Build a KSL model to analyze this situation. Run the model for 20,000 weeks with a warm up period of 5,000 weeks Based on 30 replications of your simulation, what is the expected downtime cost per week.

Use stream 1 for the time between arrivals and stream 2 for the service times.


Exercise 4.20 NWH Cardiac Care Unit (CCU) has 5 beds, which are virtually always occupied by patients who have just undergone major heart surgery. Two registered nurses (RNs) are on duty in the CCU in each of the three 8 hour shifts. About every two hours following an exponential distribution, one of the patients requires a nurse’s attention. The RN will then spend an average of 30 minutes (exponentially distributed) assisting the patient and updating medical records regarding the problem and care provided.

Build a KSL model to analyze this situation. Run the model for 20,000 minutes with a warm up period of 5,000 minutes Based on 30 replications of your simulation, answer the following questions.

  1. What is the average number of patients being attended by the nurses?

  2. What is the average time that a patient spends waiting for one of the nurses to arrive?

Use stream 1 for the time between arrivals and stream 2 for the service times.

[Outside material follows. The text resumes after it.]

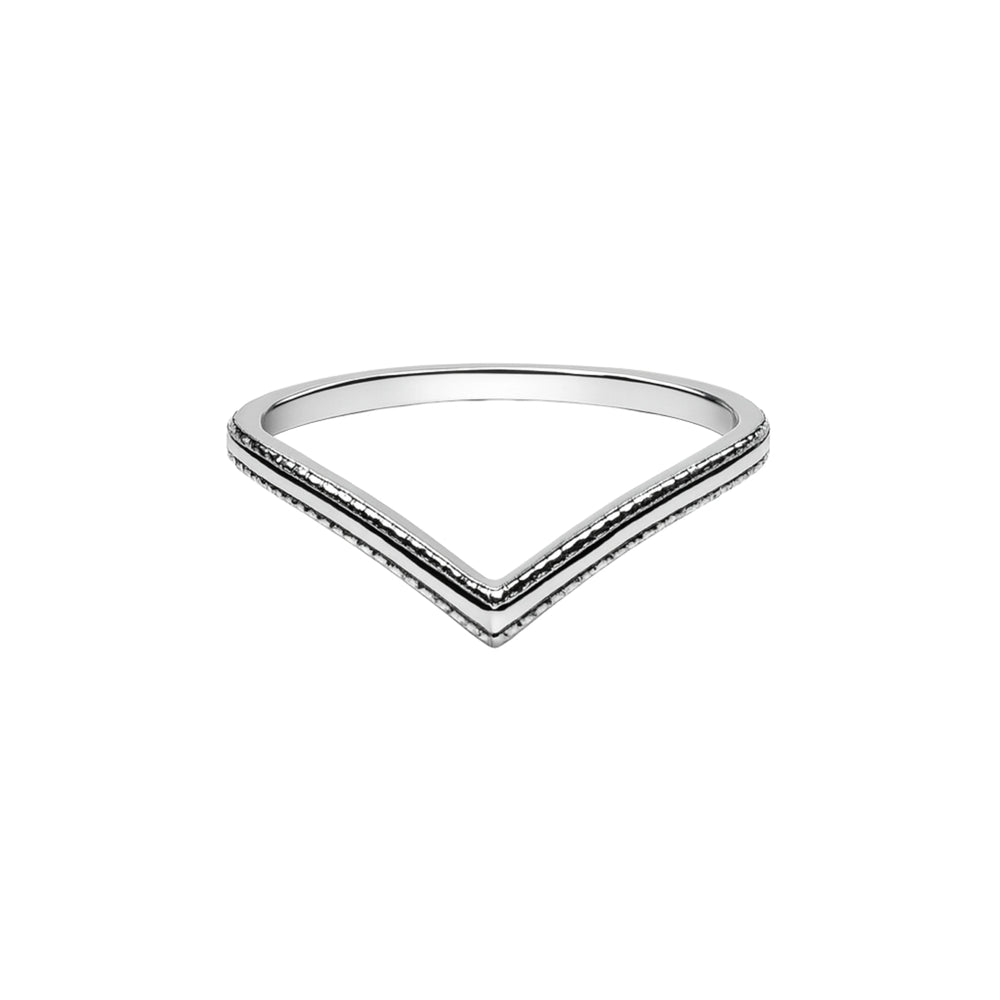 Textured Chevron V-Curve Silver Ring

Exercise 4.21 HJ Bunt, Transport Company maintains a large fleet of refrigerated trailers. For the purposes of this problem assume that the number of refrigerated trailers is conceptually infinite. The trailers require service on an irregular basis in the company owned and operated service shop. Assume that the arrival of trailers to the shop is approximated by a Poisson distribution with a mean rate of 3 per week. The length of time needed for servicing a trailer varies according to an exponential distribution with a mean service time of one-half week per trailer. The current policy is to utilize a centralized contracted outsourced service center whenever more than two trailers are in the company shop, so that, at most one trailer is allowed to wait. Assume that there is currently one 1 mechanic in the company shop.

Build a KSL model to analyze this situation. Run the model for 20,000 weeks with a warm up period of 5,000 weeks Based on 30 replications of your simulation, what is the expected number of repairs that are outsourced per week?

Use stream 1 for the time between arrivals and stream 2 for the service times.